Segment Open

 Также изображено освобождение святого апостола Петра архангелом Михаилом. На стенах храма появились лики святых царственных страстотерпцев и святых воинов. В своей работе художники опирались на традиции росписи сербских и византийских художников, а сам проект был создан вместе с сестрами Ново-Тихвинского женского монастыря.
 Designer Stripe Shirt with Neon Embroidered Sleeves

Segment Closed
Segment Open

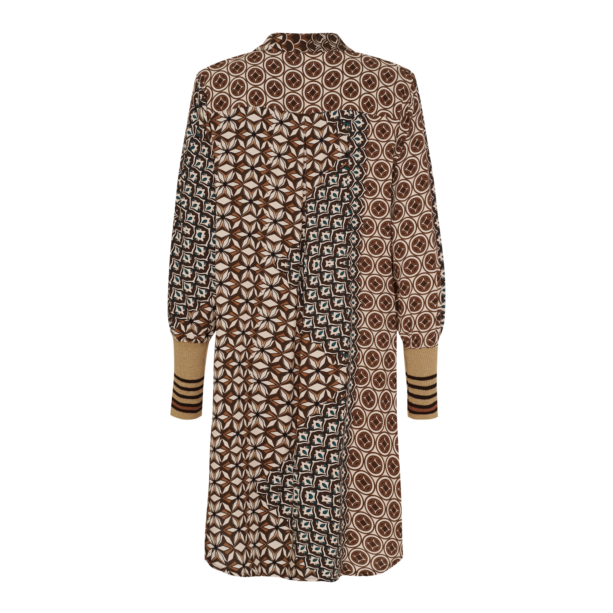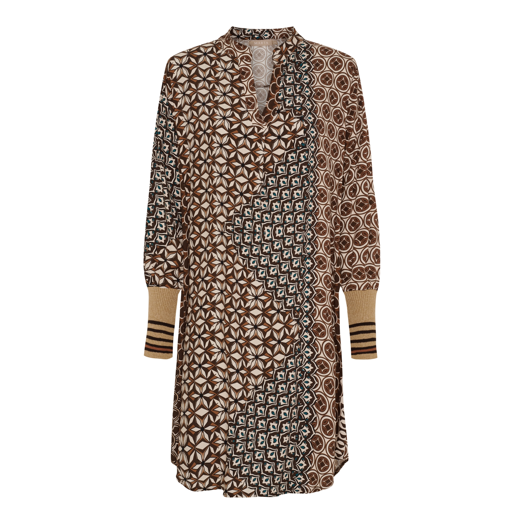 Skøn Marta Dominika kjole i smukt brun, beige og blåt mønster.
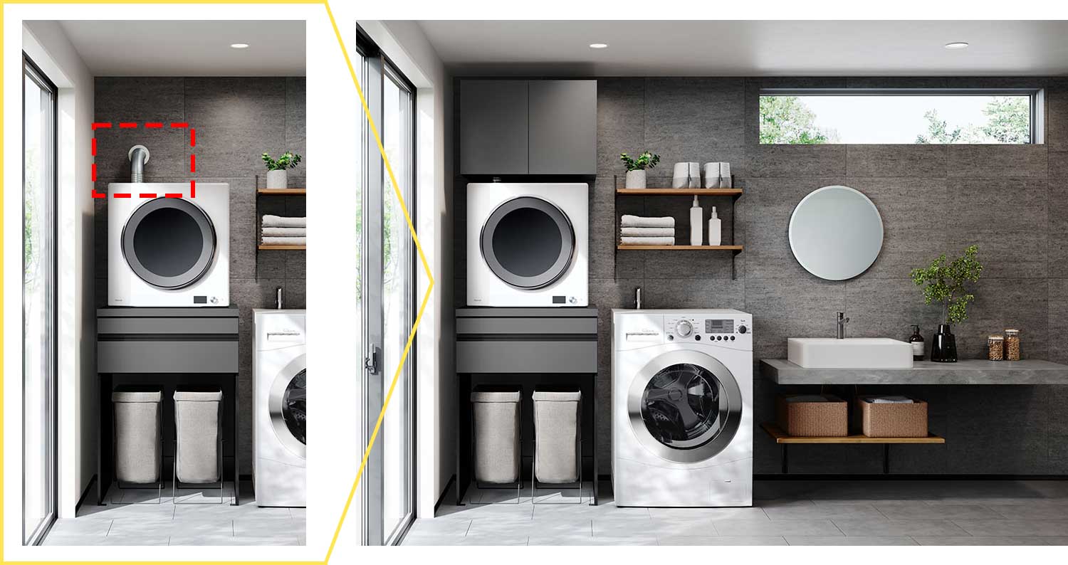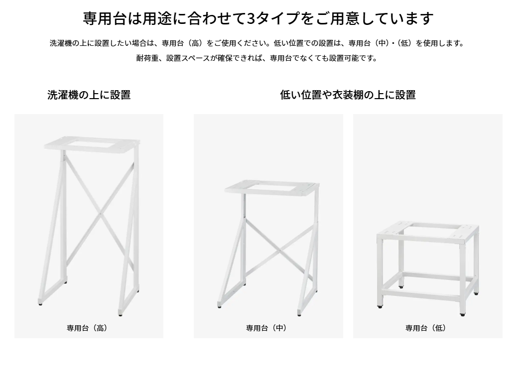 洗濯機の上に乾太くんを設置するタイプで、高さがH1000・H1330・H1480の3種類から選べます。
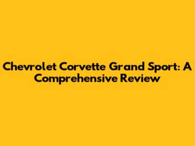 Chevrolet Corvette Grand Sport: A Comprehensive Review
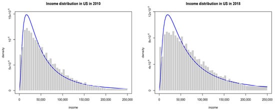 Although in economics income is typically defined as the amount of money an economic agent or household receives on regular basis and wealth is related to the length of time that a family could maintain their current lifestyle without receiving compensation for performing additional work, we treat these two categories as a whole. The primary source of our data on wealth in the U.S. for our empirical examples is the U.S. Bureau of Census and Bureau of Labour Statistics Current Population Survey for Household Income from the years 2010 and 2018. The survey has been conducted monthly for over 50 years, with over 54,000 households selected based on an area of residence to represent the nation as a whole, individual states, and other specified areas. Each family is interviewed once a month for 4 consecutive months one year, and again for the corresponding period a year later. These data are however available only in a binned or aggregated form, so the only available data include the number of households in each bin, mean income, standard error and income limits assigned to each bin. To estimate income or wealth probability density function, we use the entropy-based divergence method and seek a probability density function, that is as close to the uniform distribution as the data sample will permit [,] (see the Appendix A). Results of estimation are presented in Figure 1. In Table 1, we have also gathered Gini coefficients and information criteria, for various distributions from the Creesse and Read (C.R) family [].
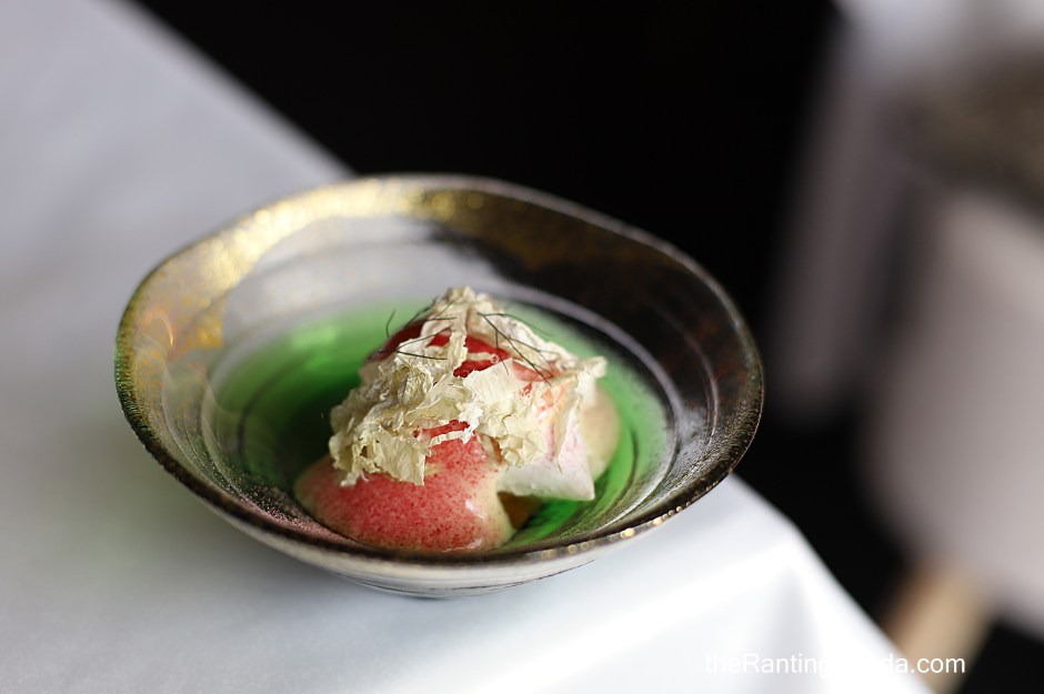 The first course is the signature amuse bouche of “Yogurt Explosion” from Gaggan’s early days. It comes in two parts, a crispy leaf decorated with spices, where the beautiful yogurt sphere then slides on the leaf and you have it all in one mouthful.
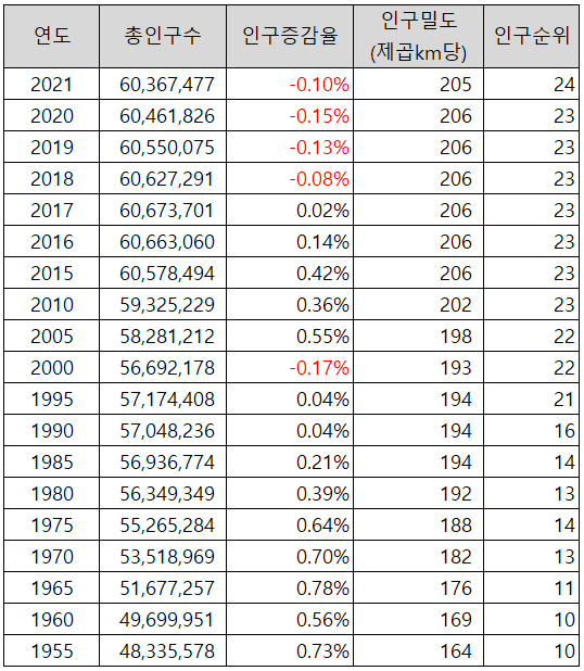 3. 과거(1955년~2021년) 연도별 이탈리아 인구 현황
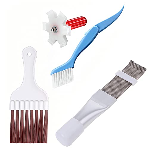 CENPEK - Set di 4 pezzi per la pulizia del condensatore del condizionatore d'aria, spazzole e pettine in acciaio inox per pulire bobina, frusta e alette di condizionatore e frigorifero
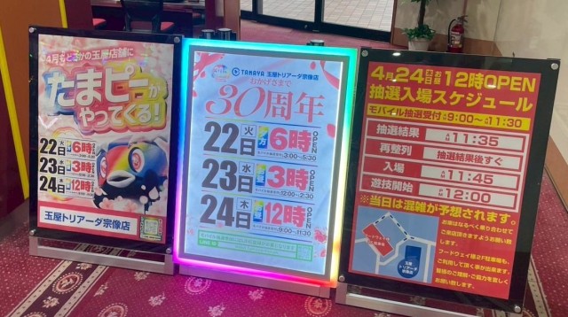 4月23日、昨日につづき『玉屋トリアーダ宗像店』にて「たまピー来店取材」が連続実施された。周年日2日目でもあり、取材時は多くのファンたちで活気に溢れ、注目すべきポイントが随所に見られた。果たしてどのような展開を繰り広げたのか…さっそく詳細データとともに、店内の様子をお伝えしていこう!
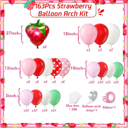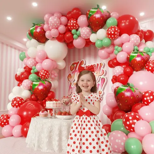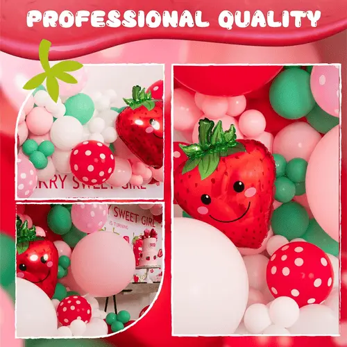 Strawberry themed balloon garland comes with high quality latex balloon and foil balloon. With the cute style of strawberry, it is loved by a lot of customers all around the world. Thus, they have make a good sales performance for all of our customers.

Segment Closed

» WHAT IS REQUIRED:
Within the material above, the line with "Также изображено освобождение" opens the range and the line with "Designer Stripe Shirt" closes it; reproduce that range word for word.

» EXERCISE RESULT:
 Также изображено освобождение святого апостола Петра архангелом Михаилом. На стенах храма появились лики святых царственных страстотерпцев и святых воинов. В своей работе художники опирались на традиции росписи сербских и византийских художников, а сам проект был создан вместе с сестрами Ново-Тихвинского женского монастыря.
 Designer Stripe Shirt with Neon Embroidered Sleeves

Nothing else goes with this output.